At the Florida
- Author: John Tranter
- Language: English
- Genre: Poetry collection
- Publisher: University of Queensland Press
- Publication date: 1993
- Publication place: Australia
- Media type: Print
- Pages: 99 pp
- Awards: 1993 The Age Book of the Year – Poetry Prize, winner
- ISBN: 0702225533

= At the Florida =

1993 Australian poetry collection by John Tranter

At the Florida is a collection of poems by Australian poet John Tranter, published by University of Queensland Press in 1993.

The collection contains 54 poems from a number of newspapers and literary publications, such as The Bulletin, both in Australia and overseas.

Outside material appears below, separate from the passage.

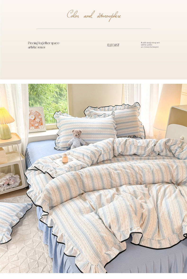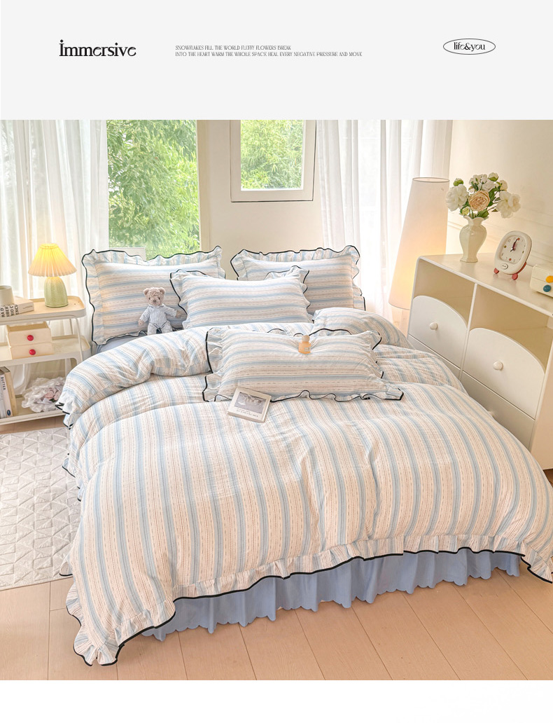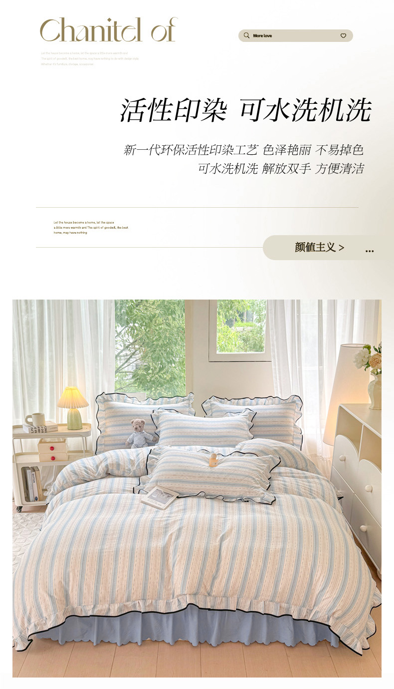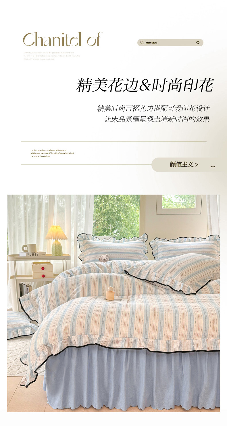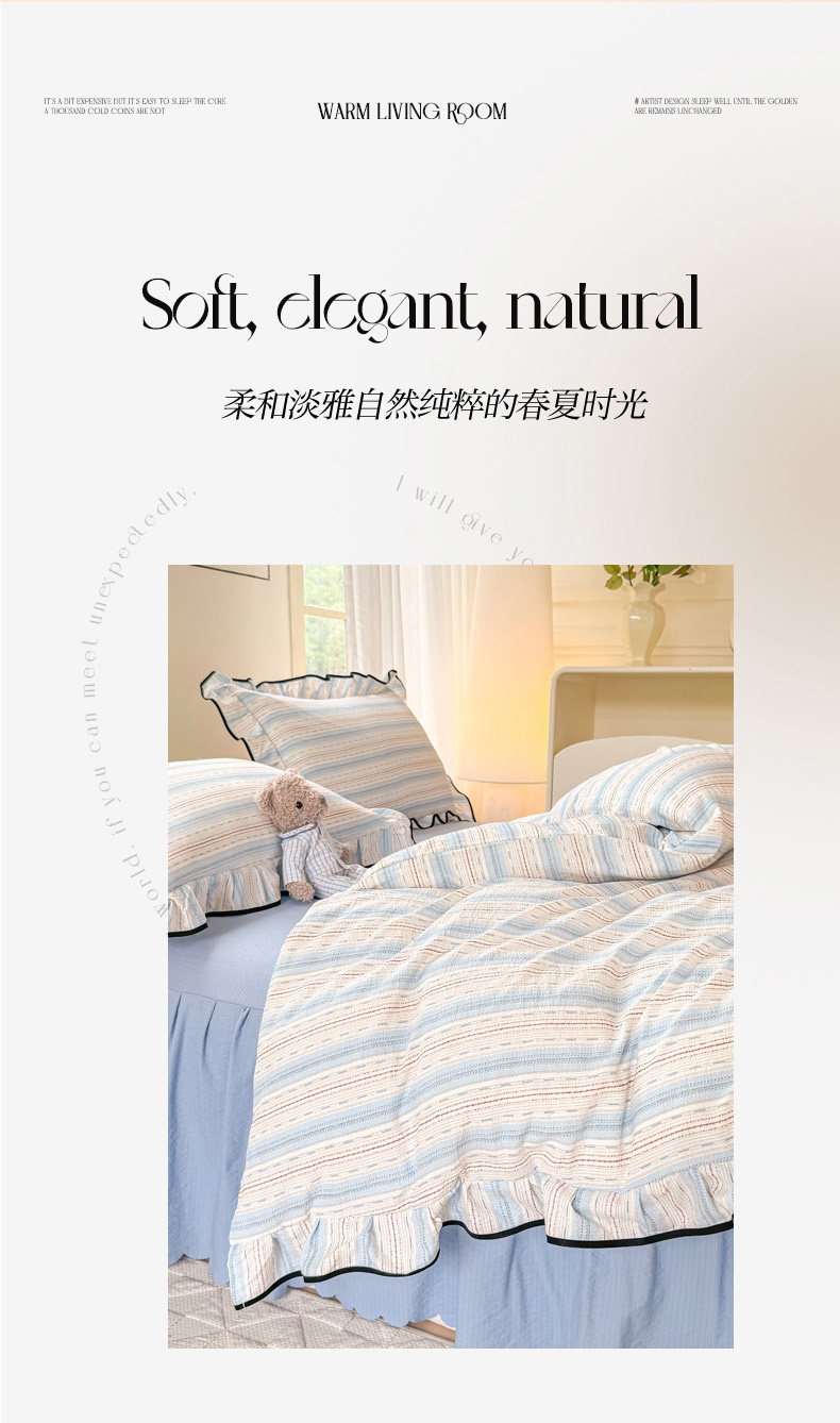 当前位置: 91家纺网 > 商品网购 > 床品套件 > 四件套 > 双层纱四件套 > 上尚居 2025新款简约时尚木棉云感皱皱纱四件套 邦尼

It was the winner of the 1993 The Age Book of the Year – Poetry Prize.

==Contents==

- "Storm Over Sydney"
- "The Romans (for Dr Grahame Caisley)"
- "A Marriage"
- "Journey"
- "Ariadne on Lesbos"
- "Leaving the Sixties"
- "Days in the Capital"
- "God on a Bicycle"
- "The Painted Veil (for Philip Mead)"
- "Anyone Home?"
- "Australia Day"
- "The Moths (for August Kleinzahler)"
- "Opus Dei"
- "Gravity"
- "Decalcomania"
- "Dark Harvest (for Dana Gioia)"
- "Stony River"
- "At the Florida"
- "Falling"
- "Hot Nights"
- "A Man and a Woman"
- "North Woods (for John Ashbery)"
- "The Other Side of the Bay (for Pamala Karol)"
- "Curriculum Vitae"
- "Con's Cafe"
- "Another Country"
- "Cellar"
- "Cubans"
- "Oblivion"
- "Dizzy"
- "The Narcolept"
- "Smoke"
- "Two Views of Lake Placid (for Susan Wyndham)"
- "Prose Poem: At Naxos"
- "Snap"
- "Percentage Macedonian (for John A. Scott)"
- "Tantrum Gang (for Kenward Elmslie)"
- "Old Europe"
- "Exiles"
- "Snip"
- "Family Scent"
- "Acid Rain"
- "Mahogany"
- "Gasoline"
- "Box Contaminant"
- "A Plume of Ash"
- "Chicken Shack"
- "Cable Chimp"
- "Bachelor Pad"
- "Bells Under Water"
- "April Surprise"
- "Adler, Honda and Co"
- "Quaker Clambake"
- "Haibun : Aurora"

==Critical reception==

In The Sydney Morning Herald reviewer Heather Cam called the collection "a sophisticated cocktail" that "leaves a moody aftertaste and is apt to induce intellectual morning-after befuddlement."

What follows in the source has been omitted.